Backcountry Brook Trout, a Tailwater Float, and SNAKE!!!

It’s been an extremely busy week here in the fly fishing mines of the Smoky Mountains and East Tennessee. We’ve spent several days guiding anglers in some out of the way streams in the Smokies, helped park biologists monitor a brook trout stream one day, and did a float on the Holston on another.

Brook trout in the Smokies

I took Ethan McClellan and Jared Rice out for a few days of walk-in fly fishing. Their main priority was to fish some water that is off the radar of the common angler. These are among my favorite trips to guide, especially in August. The water is cold, the surroundings beautiful, and the fish are eager. The guys also wanted to catch some brookies. The first day we hit one of my favorite brook trout streams, but one I rarely guide. Ethan and Jared are in great physical condition, probably better than me, so I had no reservations about taking them to a stream that required a bit of walk followed by a full day of bouldering.

Ethan notified me that he was deathly afraid of snakes. In fact, he’s nearly fainted at the mere sight of a snake in the past. As usual, my response was that we might see a harmless water snake and sightings of rattlers and copperheads were quite rare. Our second day on the water took us up Fish Camp Prong, one of Little River’s larger tributaries. It’s primarily a rainbow trout stream with a few brown trout. There is a robust population of brook trout if you go far enough.

We had gotten into a good number of fish by lunch. Shortly after eating we decided to put a little more trail behind us before getting back into the fishing. After walking about a half mile this is what I saw in the trail.

Timber Rattlesnake, Great Smoky Mountains National Park, Tennessee

I stopped so fast I think I left skid marks. I threw up my arms and yelled, “Turn around! Don’t look! Don’t look!” Ethan, bringing up the rear knew exactly what that meant and responded quickly. Jared, like myself, isn’t particularly fond of snakes but is curious enough to want a good look.

This photo is exactly the way we found the rattler and we left him just the same. Just like every other one I’ve seen in the Smokies it was somewhat docile, not moving, even after a few light taps with the tip of a fly rod. In fact, this individual was content to sun itself in the trail. We decided to back trak a little bit and fish around the snake rather than try to sneak by on the narrow trail. Again, the fishing was excellent. The guys caught mostly rainbows with a couple of browns thrown in as well.

Charity and I did a float on the Holston a few days back and it has fallen off dramatically. While water temperatures are far fom lethal in the high 60’s, the fish aren’t moving around very much. We only got a few fish to the net all day. The best success came on small nymphs fished extremely deep in relatively quiet water. Right now we’re discouraging trout floats since generation schedules on the Clinch aren’t favorable. Smallmouth fishing on the Holston is excellent right now. If a float is what you want in our neck of the woods we certainly recommend smallies. Popper fishing is great right now.
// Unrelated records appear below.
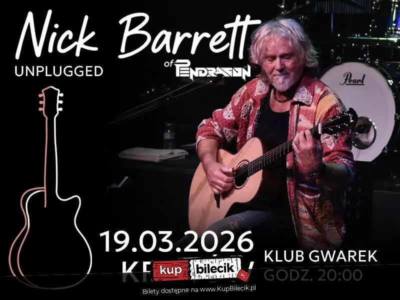 | Nazwa: Nick Barrett (Pendragon) - unpluggeddodano 2026-02-23 19:14:06 Założyciel, wokalista i gitarzysta zespołu Pendragon, już 19.03.2025 wystąpi w Krakowie w Klubie Gwarek. Repertuar akustyczny obejmujący utwory z całego przekroju działalności muzyka (w tym zespołu Pendragon), to nie lada gratka dla fanów twórczości brytyjskiego muzyka. Po świetnie przyjętym Pendragon Weekendzie w 2024 roku, zapraszamy na jedyny w swoim rodzaju koncert unplugged. Ten wieczór to niezwykła okazja, żeby obudzić w sobie zupełnie nowe emocje związane z twórczością artysty. Nick Barrett artyści: Nick BarrettNick Barrett - angielski muzyk, najbardziej znany jako założyciel, gitarzysta prowadzący, wokalista i główny autor piosenek progresywnego zespołu rockowego Pendragon, który powstał w 1978 roku w Stroud w hrabstwie Gloucestershire (początkowo pod nazwą Zeus Pendragon). Barrett dorastał w Stroud w południowo-zachodniej Anglii. W wieku 15 lat porzucił szkołę, odrzucając tradycyjną ścieżkę kariery na rzecz muzyki. Wspominał później, że spalił swoje podręczniki szkolne i powiedział doradcy zawodowemu, iż chce zostać gitarzystą rockowym na wzór Keitha Richardsa. W wieku 17 lat, w 1978 roku, założył z kolegami szkolnymi zespół Zeus Pendragon. Tego samego dnia grupa zagrała swój pierwszy koncert - wydarzenie, które Barrett określił jako jeden z najszczęśliwszych momentów w swoim życiu. Wkrótce nazwę skrócono do Pendragon. W czasach dominacji punk rocka zespół grający rock progresywny często spotykał się z niechęcią publiczności, jednak Barrett wytrwale rozwijał swoje inspiracje, czerpiąc m.in. z twórczości Genesis i innych klasycznych wykonawców prog rocka. Jak pokazuje historia - upór i wytrwałość Nicka zaowocowały wieloma świetnymi albumami i wielkim wkładem w światowy dorobek muzyczny. Podczas krakowskiego koncertu będziecie mogli przekonać się o tym sami! Bilety do nabycia na: KupBilecik.pl |
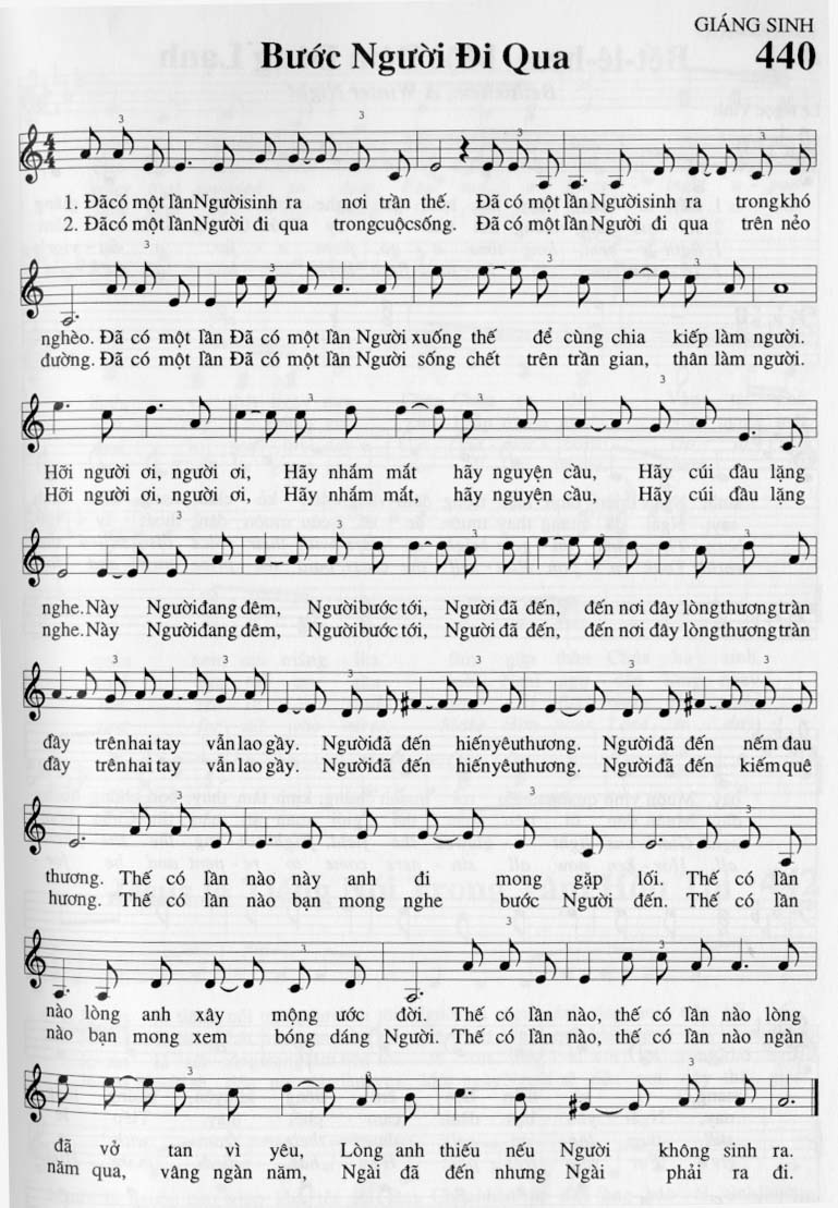 1. Đã có một lần Người sinh ra nơi trần thế. Đã có một lần Người sinh ra trong khó nghèo. Đã có một lần Đã có một lần Người xuống thế để cùng chia kiếp làm người. Hỡi người ơi, người ơi, Hãy nhắm mắt hãy nguyện cầu, Hãy cúi đầu lặng nghe. Này Người đang đêm, Người bước tới, Người đã đến, đến nơi đây lòng thương tràn đầy trên hai tay vẫn lao gầy. Người đã đến hiến yêu thương. Người đã đến nếm đau thương. Thế có lần nào này anh đi mong gặp lối. Thế có lần nào lòng anh xây mộng ước đời. Thế có lần nào, thế có lần nào lòng đã vỡ tan vì yêu, Lòng anh thiếu nếu Người không sinh ra. 2. Đã có một lần Người đi qua trong cuộc sống. Đã có một lần Người đi qua trên nẻo đường. Đã có một lần Đã có một lần Người sống chết trên trần gian, thân làm người. Hỡi người ơi, người ơi, Hãy nhắm mắt, hãy nguyện cầu, Hãy cúi đầu lặng nghe. Này Người đang đêm, Người bước tới, Người đã đến, đến nơi đây lòng thương tràn đầy trên hai tay vẫn lao gầy. Người đã đến hiến yêu thương. Người đã đến kiếm quê hương. Thế có lần nào bạn mong nghe bước Người đến. Thế có lần nào bạn mong xem bóng dáng Người. Thế có lần nào, thế có lần nào ngàn năm qua, vâng ngàn năm, Ngài đã đến nhưng Ngài phải ra đi.
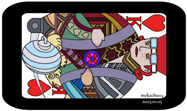 Traditionally, the King of Hearts is shown with a sword over his head, giving him the nickname "suicide king." Interestingly, this is the only king with no moustache.
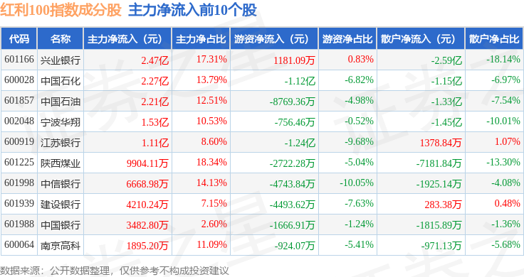资金流向方面,红利100(399411)指数成份股当日主力资金净流出合计15.52亿元,游资资金净流入合计6.65亿元,散户资金净流入合计8.86亿元。成份股资金流向详情见下表:

Brook Trout Monitoring in the Smokies

Charity and I helped park biologists with brook trout monitoring on Bunches Creek on the North Carolina side of the Smokies. We always enjoy doing this since you get to see exactly how many fish are in a stream and see how the different sizes of fish stack up to each other.

Biologists shocking brook trout in Bunches Creek, North Carolina

The North Carolina side of the Smokies seems to have less water this year than the Tennessee side, and the the biologists were concerned by the low water levels. However, the population doesn’t seem to be affected much. We sampled 100 meters of stream and I think we shocked up well over 200 brook trout.

On the way home we saw this bull elk along Newfound Gap Road near the Oconaluftee River.